NOTE: This is a homework question, so I only ask for hints and suggestions to nudge me in the correct direction.
Question:
Let $n \in \mathbb{N}$. How many binary strings of length 2n + 1 have more 1's than 0's? Use bijection to prove.
Progress so far:
We need a set of known size, B, along with a bijective function $f: A \rightarrow B$, where A is the set with binary strings of length $2n + 1$ and where each element in A has more 1's than 0's.
I tried to find a pattern by setting n = 1:
$$
\begin{align*}
000 \rightarrow &\lbrace empty set \rbrace \\
001 \rightarrow &\lbrace 1 \rbrace \\
010 \rightarrow &\lbrace 2 \rbrace \\
011 \rightarrow &\lbrace 1,2 \rbrace \\
100 \rightarrow &\lbrace 3 \rbrace \\
101 \rightarrow &\lbrace 1,3 \rbrace \\
110 \rightarrow &\lbrace 1,2 \rbrace \\
111 \rightarrow &\lbrace 1,2,3 \rbrace \\
\end{align*}
$$
I realized that binary strings with more 1's than 0's map to elements in B where the elements are of size $\geq 2n$.
Therefore the size of set $S$ where $S = \lbrace x : |x| \geq 2n\rbrace$ is the number of binary strings of length $2n+1$ with more 1's than 0's.
This is where I am stuck. I don't know how to fit bijection into this solution. Also I think my mapping from set A to set B is incorrect since set A it should only contain the binary strings that have more 1's than 0's.
Any help would be greatly appreciated.
Best Answer
Hint: First, note that since your string has odd length, every binary string has either more 1's or more 0's (no ties). Suppose that a string has more 0's than 1's... what happens when you flip all the bits? The new string has more 1's than 0's.

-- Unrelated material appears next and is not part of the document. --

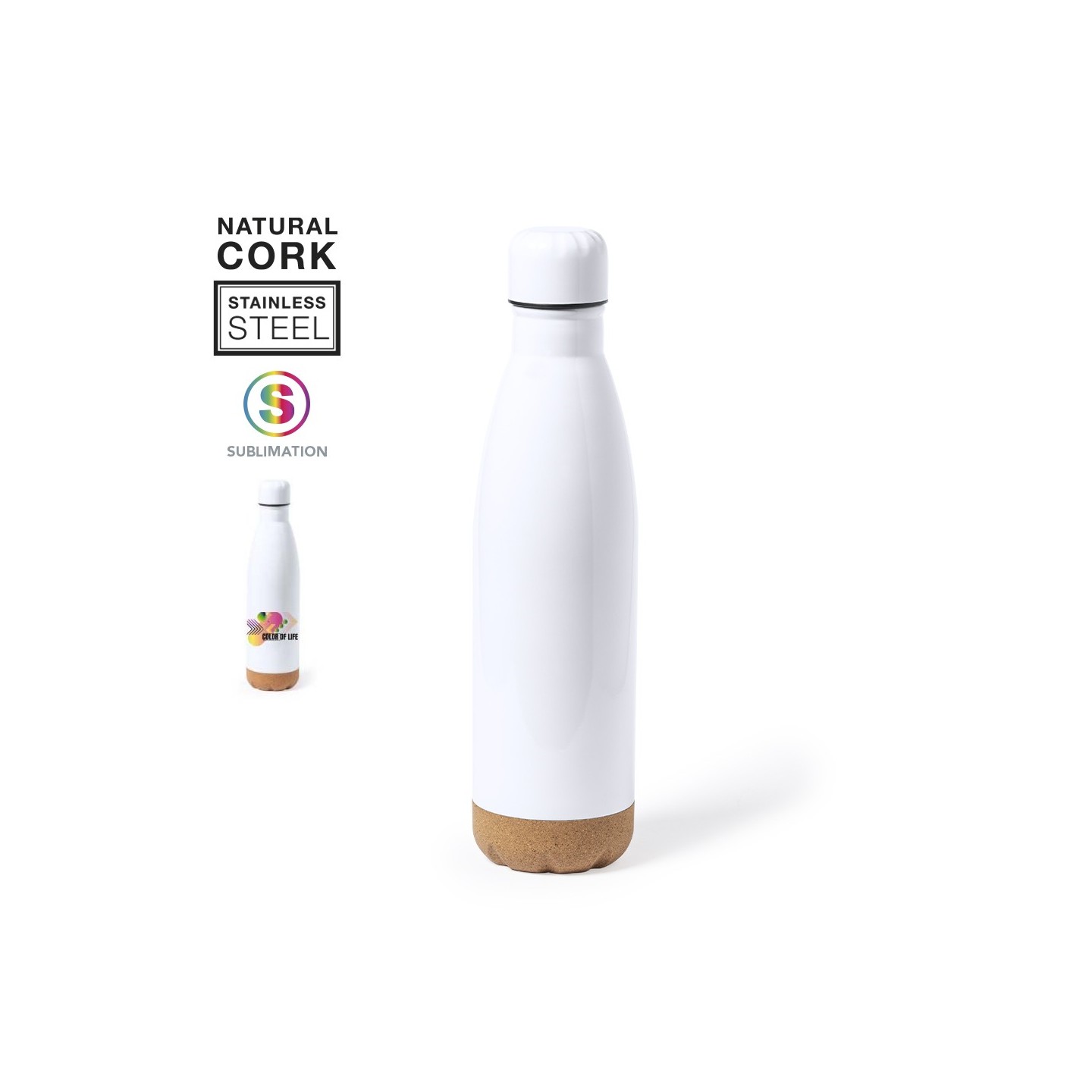 Marca tendencia con el Bidón Sublimación Pooch. Capacidad 750 ml, diseño para sublimación, acero inoxidable, acabado blanco brillo, tapón a rosca y base de corcho. Personalización y estilo en un solo bidón.

So, for your bijection, consider pairing up a string with it's complement (i.e. the string with all the 1's and 0's flipped).
What you see by this bijection is that for every string with more 1's than 0's there is a corresponding string with more 0's than 1's.
Following your example, what you would pair up are the following:
$000 \to 111$
$001 \to 110$
$010 \to 101$
$100 \to 011$
That accounts for all 8 binary strings of length 3. Note that he LHS are the strings with fewer 1's than 0's and the RHS are the strings with more 1's than 0's.